National policy is to turn everyone into a college graduate.
Grants, loans, and tax credits to undergraduate and graduate students total roughly $160 billion each year; by contrast, in 2004, federal, state, and local spending on employment and training programs (which commonly assist people without a college education) totaled $7 billion—an inflation-adjusted decline of about 75 percent since 1978.
Peck likes the idea of “career academies” within larger high schools and apprenticeships linked to community colleges as ways to help students find “paths into the middle class that do not depend on a four-year college degree.”
Students need a choice of college prep or trade school, writes Ilana Garon, who teaches high school in the Bronx, in the Huffington Post.
Uninterested in learning to spot the symbolism in Animal Farm, tenth-grader Danielle announces she doesn’t plan to go to college.

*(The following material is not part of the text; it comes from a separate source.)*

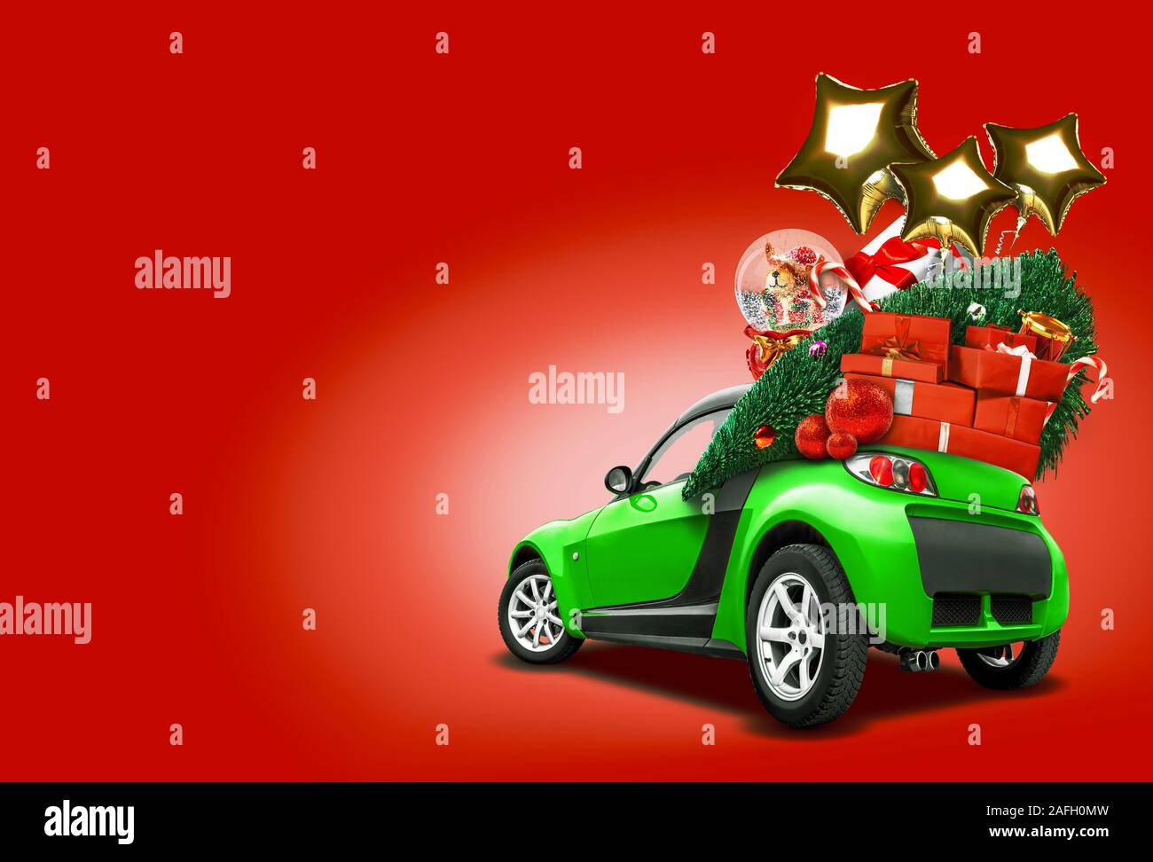 Coche Verde Sobre Fondo Rojo Arbol De Navidad Cajas Globos En

Instead, she’s taking community college courses to qualify as a massage therapist. “I want to have something ready to go when I graduate,” she says.
A few years ago, I would have been horrified at this pronouncement. . . . But these days, I’m more inclined to be impressed by Danielle’s self-awareness, foresight and her implicit understanding of a fact I wish our system leaders would see: that perpetuation of the current “college for all” trend in education is neither economically viable nor beneficial to all students.
Career tech students would need strong literacy and math skills, Garon writes, but not necessarily the same skills required to earn a bachelor’s degree.
Curricular emphasis in trade schools would perhaps be shifted from traditional literary analysis (themes, symbols, etc.) to literacy in functional documents, perhaps teaching students to read technical articles or to use math-based software programs that would be applicable to our tech-reliant workforce.
Queensland, Australia has introduced a “learning or earning” program after 10th grade, a commenter writes. Students can take academic classes to prepare for university, train for a job at a technical college or start a trade apprenticeship.
For the Laborers’ Union, a Cranston, Rhode Island charter school is a “labor of love,” writes Julia Steiny in the Providence Journal.
Struggling to recruit high school graduates as members, the union worked with the school district to create the New England Laborers’ Career Academy, which prepares students for construction apprenticeships and work in other jobs. The school provides an alternative to students who aren’t motivated by academic learning and are likely to drop out.
At Laborers, Cranston academic teachers and instructors who are journeyman laborers themselves jointly craft an academic program geared to the construction trade. For example, math involves everything from learning financial literacy to calculating the volume of concrete needed for a job. The skills are the same as those taught in traditional schools, but applied to the world of construction.
Some students want an alternative to a traditional high school but aren’t interested in construction work. So the school also offers a general career program to motivate them to earn a diploma.
School staffers develop summer and post-graduation jobs for students. Those who want more education are “on a fast track to an associate’s degree in applied science” at the local community college.